EXERCISE DESCRIPTION:
Only the lines from the one that includes "Фотоаппарат, как я" through the last line below belong in the reply, copied exactly and without pictures.

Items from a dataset
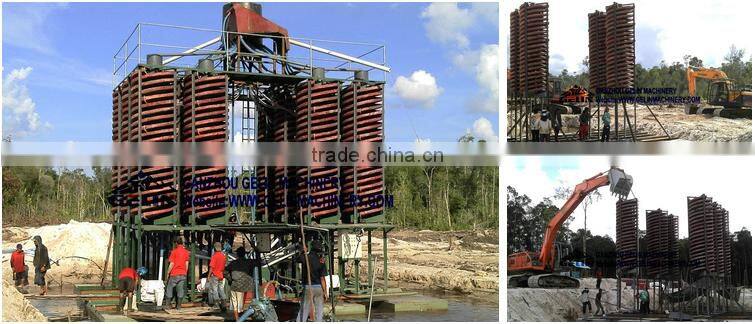 This equipment is one of the gravity concentrators, which separate minerals of different specific gravity according to their relative movement in response to gravity, centrifugal force and other forces in the fluid medium. It has extremely good performance and effects in processing placer of beach, riverside, seashore and stream. Desen spirals separator are made of polyurethane lined fiber glass with wearable corundum inner surface. Generally there are 5 turns in one start, single, twin, triple and quad starts available per column to suit capacity requirements.
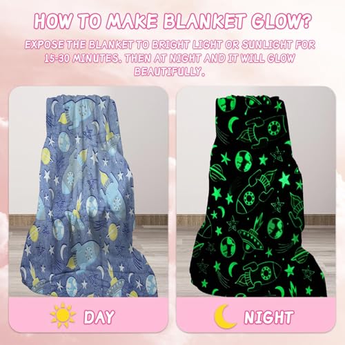 【Leicht Und Weich Material】Kuscheldecke Leuchtende besteht sämtliche hochwertigem Flanell, welches weich und leicht ist,weicher, bequemer und glatter wird,Super weich und flauschig, gemütlich. Diese leuchtende Decke bietet Kindern ein superweiches und angenehmes Hautgefühl, wodurch sie sich warm und umarmt fühlen.
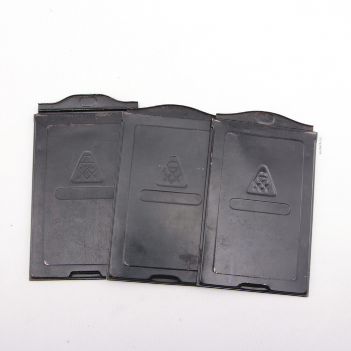 Фотоаппарат, как я уже сказал выше - пластиночный. Светочувствительным материалом здесь является не фотоплёнка на много кадров, а фотопластинка. Покрытый светочувствительной эмульсией кусочек стекла в светонеприницаемом пенальчике. На фото слева собственно сам пенальчик, на фото справа - он открыт и видна пластинка.
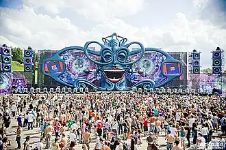 Toelichting: Het hoofdpodium van Tomorrowland is volledig afgebrand.[1]
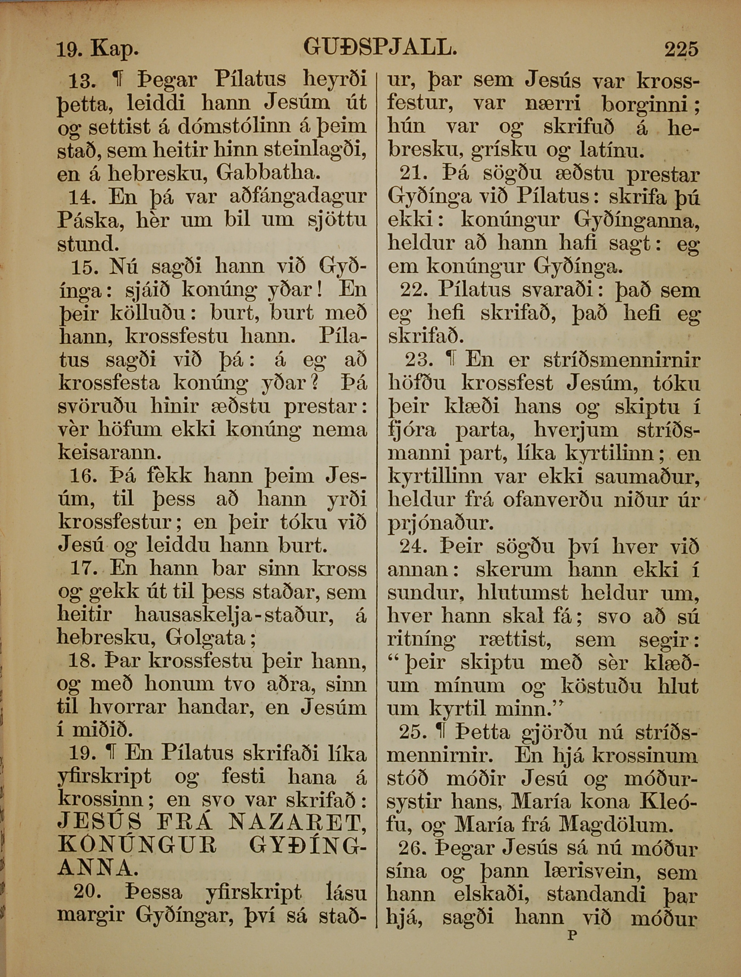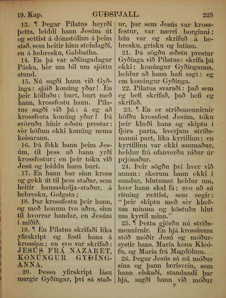 1863年冰岛语新约全书 约翰福音 19 章 13 节到 19 章 26 节

ANSWER FOR THIS EXERCISE:
 Фотоаппарат, как я уже сказал выше - пластиночный. Светочувствительным материалом здесь является не фотоплёнка на много кадров, а фотопластинка. Покрытый светочувствительной эмульсией кусочек стекла в светонеприницаемом пенальчике. На фото слева собственно сам пенальчик, на фото справа - он открыт и видна пластинка.
 Toelichting: Het hoofdpodium van Tomorrowland is volledig afgebrand.[1]
 1863年冰岛语新约全书 约翰福音 19 章 13 节到 19 章 26 节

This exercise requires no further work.